***** GIVEN DATA
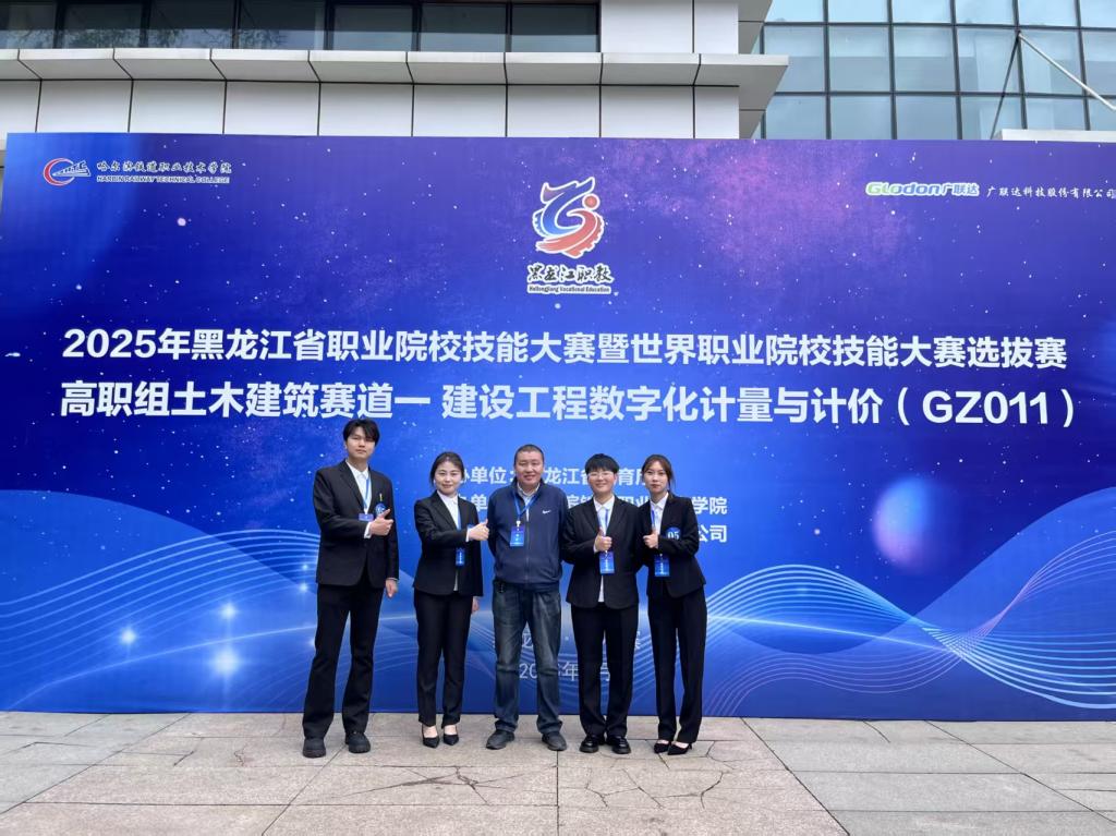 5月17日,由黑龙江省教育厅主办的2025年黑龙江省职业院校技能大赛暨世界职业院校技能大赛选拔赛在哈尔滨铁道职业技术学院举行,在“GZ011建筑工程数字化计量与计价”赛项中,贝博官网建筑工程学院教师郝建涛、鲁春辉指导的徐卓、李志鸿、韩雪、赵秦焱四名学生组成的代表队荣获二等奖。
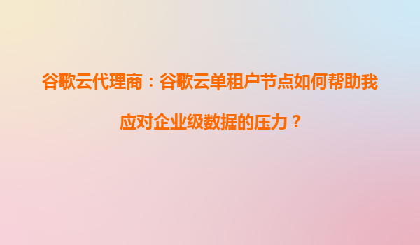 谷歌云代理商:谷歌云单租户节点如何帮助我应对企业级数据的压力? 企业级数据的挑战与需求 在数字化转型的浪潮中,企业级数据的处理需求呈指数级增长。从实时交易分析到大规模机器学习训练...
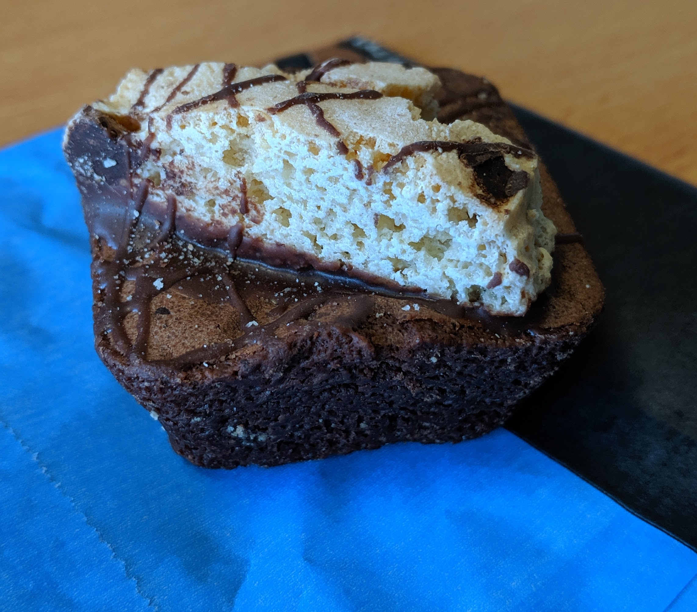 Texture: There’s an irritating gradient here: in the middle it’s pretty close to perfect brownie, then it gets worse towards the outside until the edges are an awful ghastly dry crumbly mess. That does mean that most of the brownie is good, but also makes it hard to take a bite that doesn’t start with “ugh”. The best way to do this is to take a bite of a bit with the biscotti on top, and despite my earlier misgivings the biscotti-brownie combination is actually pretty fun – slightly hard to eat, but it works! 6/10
**********
WORK TASK =
Type out the data above again exactly as written, minus the images.

COMPLETED TASK =
 5月17日,由黑龙江省教育厅主办的2025年黑龙江省职业院校技能大赛暨世界职业院校技能大赛选拔赛在哈尔滨铁道职业技术学院举行,在“GZ011建筑工程数字化计量与计价”赛项中,贝博官网建筑工程学院教师郝建涛、鲁春辉指导的徐卓、李志鸿、韩雪、赵秦焱四名学生组成的代表队荣获二等奖。
 谷歌云代理商:谷歌云单租户节点如何帮助我应对企业级数据的压力? 企业级数据的挑战与需求 在数字化转型的浪潮中,企业级数据的处理需求呈指数级增长。从实时交易分析到大规模机器学习训练...
 Texture: There’s an irritating gradient here: in the middle it’s pretty close to perfect brownie, then it gets worse towards the outside until the edges are an awful ghastly dry crumbly mess. That does mean that most of the brownie is good, but also makes it hard to take a bite that doesn’t start with “ugh”. The best way to do this is to take a bite of a bit with the biscotti on top, and despite my earlier misgivings the biscotti-brownie combination is actually pretty fun – slightly hard to eat, but it works! 6/10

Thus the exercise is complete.